Living the Animal Life
There's a bill that's been introduced in Congress that would put sharp limits on Confined Animal Feeding Operations, and Obama supports it. I'm fairly amazed and impressed, which I was getting worried that I'd gotten to cynical to even be.
It won't pass. Even that's okay I suppose, considering how the discussion is off to such a good start.
The bill is Rep. Louise Slaughter's (D-NY) offering to ban non-medicinal, preemptive use of antibiotics in livestock.
In large part, as the article notes, these are used to promote growth. However, it's the barely mentioned "prevent illnesses" part that's of most concern. Eddie Gehman Kohn talks here about the way this practice is turning antibiotics into worthless candy by spurring the rise of antibiotic-resistant bacterial strains, but that's still a side effect - though a powerful and frightening one. The main point of these drugs is to prevent animals that are raised in utterly vile conditions from simply keeling over dead before they can be slaughtered.
If you couldn't prevent the conditions of feedlot life itself from killing cattle, they'd have to be raised in lower concentrations, under cleaner conditions, and given a much healthier diet out of sheer necessity.

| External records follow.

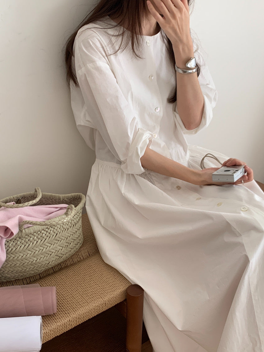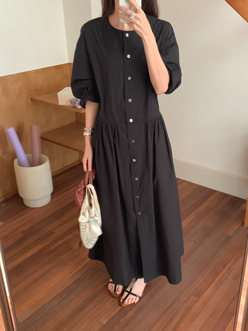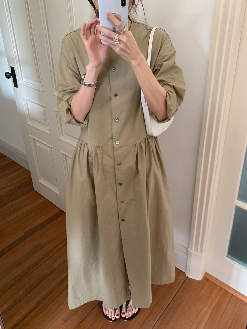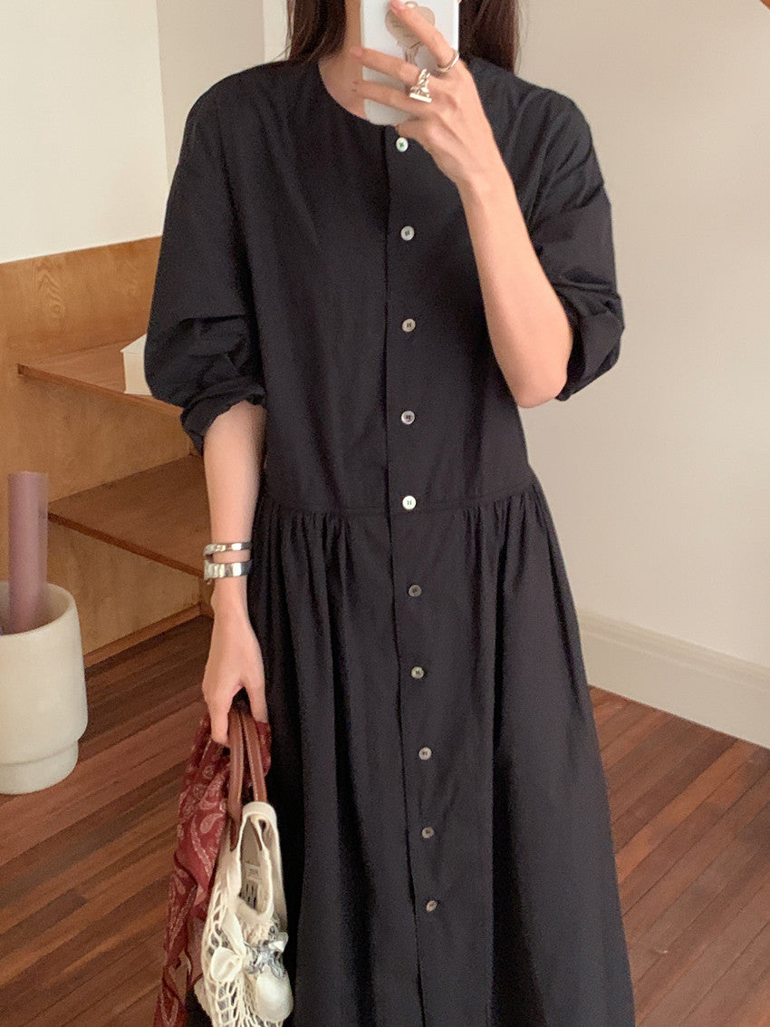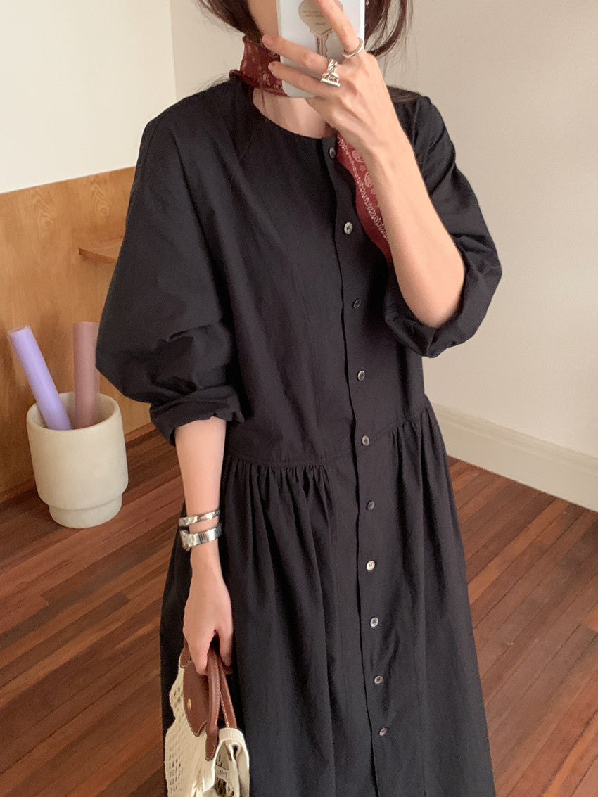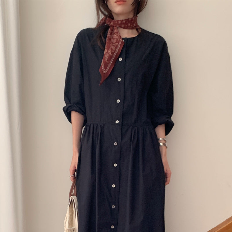 【F60210】實拍復古優雅 圓領寬鬆綁帶長洋裝250225
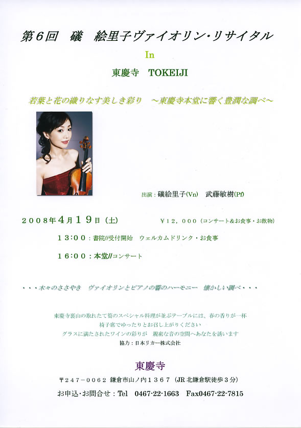 礒 絵里子 ヴァイオリン・リサイタルin東慶寺Vol.6
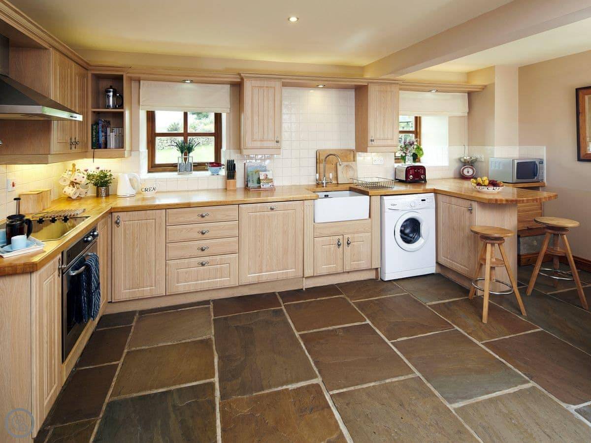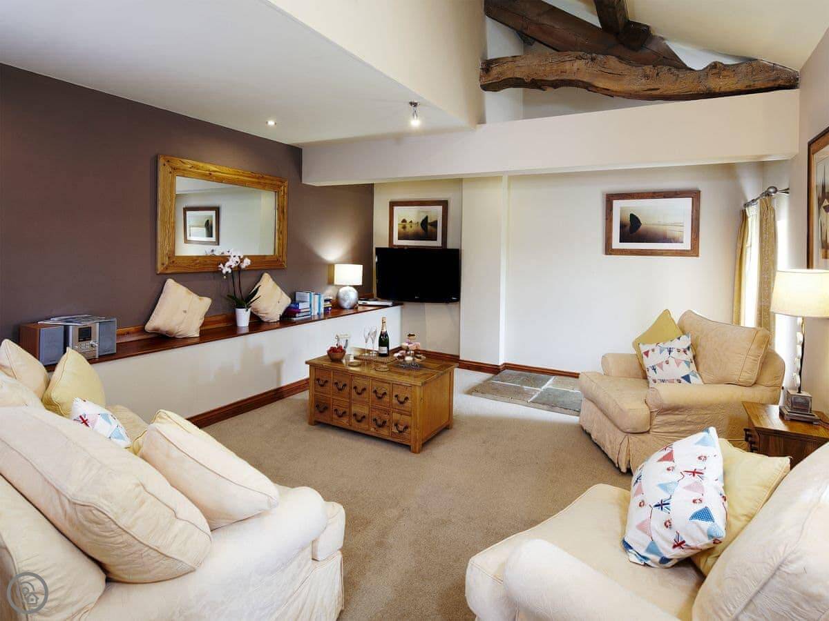 It sleeps four. Two bedrooms, two bathrooms. It's got a five star rating. It's done up nicely inside, with the original beams and stonework still showing. There's a wood burner.
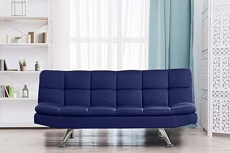 Comfy Living Fabric Padded 3 Seater Sofa Bed 3 With Chrome Legs Cube Design Blue Amazon Co Uk Kitchen Home Pull Out Double Bed Sofa
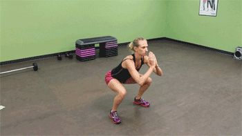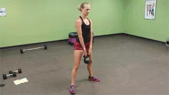 抓住一个壶铃,然后做深蹲,没壶铃的也可以用其他重物代替。稍微打开你的脚,外八一些。保证深蹲过程中脚掌一直稳扎在地面上,不要抬脚后跟或者后倾。蹲下的过程中,保持你的腰背挺直。尽可能蹲深,蹲到大腿平行地面以下。
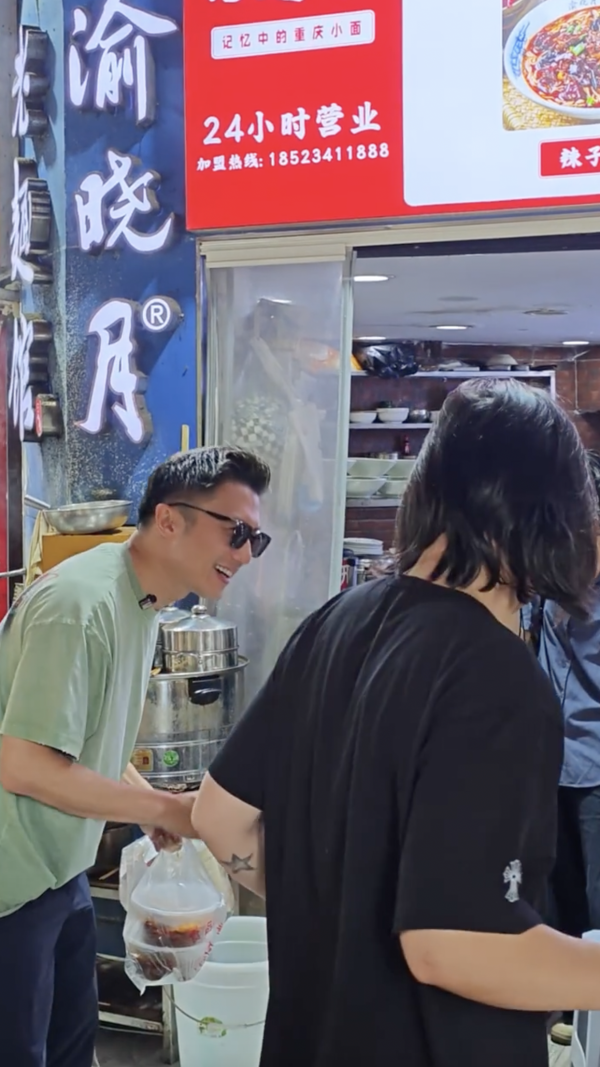 謝霆鋒早前剛完成重慶舉行的兩場演唱會,隨後他就到訪當地小店品嚐美食。有網民在一家平民麵店意外捕獲他,並將片段發佈到社交平台。影片中,謝霆鋒身穿簡約悠閒的淺綠色上衣,搭配牛仔褲,打扮低調又樸素。他與團隊在店內用餐,離開時亦打包了兩碗麵帶走,遇到粉絲時也不忘打招呼及拍照,展現出隨和、親民的一面!

As it is now, most cattle are raised in lots packed deep with nothing but each other's waste. The health hazards of this are, one would think, obvious.
They're fed a grain diet, now that it's no longer allowed to feed these obligate herbivores ground up bones and scrap from other cattle, which is like feeding a human an all-Twinkie diet. They get permanent acidosis, roughly equivalent to a terrible case of chronic ulcers, and the bacteria from their guts are able to escape to infect the rest of their bodies. This commonly leaves their livers abcessed and scarred, not entirely unlike what would happen in a human with advanced cirrhosis of the liver.
Imagine humans kept wading in sh*t all day, force-fed to the point of severe obesity, suffering all the while from ulcers and cirrhosis. Those people's immune systems would be extremely compromised. They would need constant doses of antibiotics just to stay alive.
I don't make this comparison to say that animals should be treated like humans, but that they should be treated like animals.
They should be let out on real grass, on well-managed pasture where their numbers are just right to stimulate and fertilize the growth of a healthy prairie. They should be able to move around in the open air, where their immune systems will be supported by a proper diet and exercise, be part of an ecosystem that's very close to a naturally evolved grassland, have a quick death-by-predator (if we insist on being their only predators, we should do it right and be merciful) and the remains returned to the ground for the plants to eat.
This is what they're for. If we are to be sensible managers of the Earth's resources, getting this right is crucial to preserving what's going to be left over when the planet's freshwater and topsoil reserves can no longer handle the levels of grain production asked of them now. Getting this right is crucial to having livestock be a source of health instead of disease.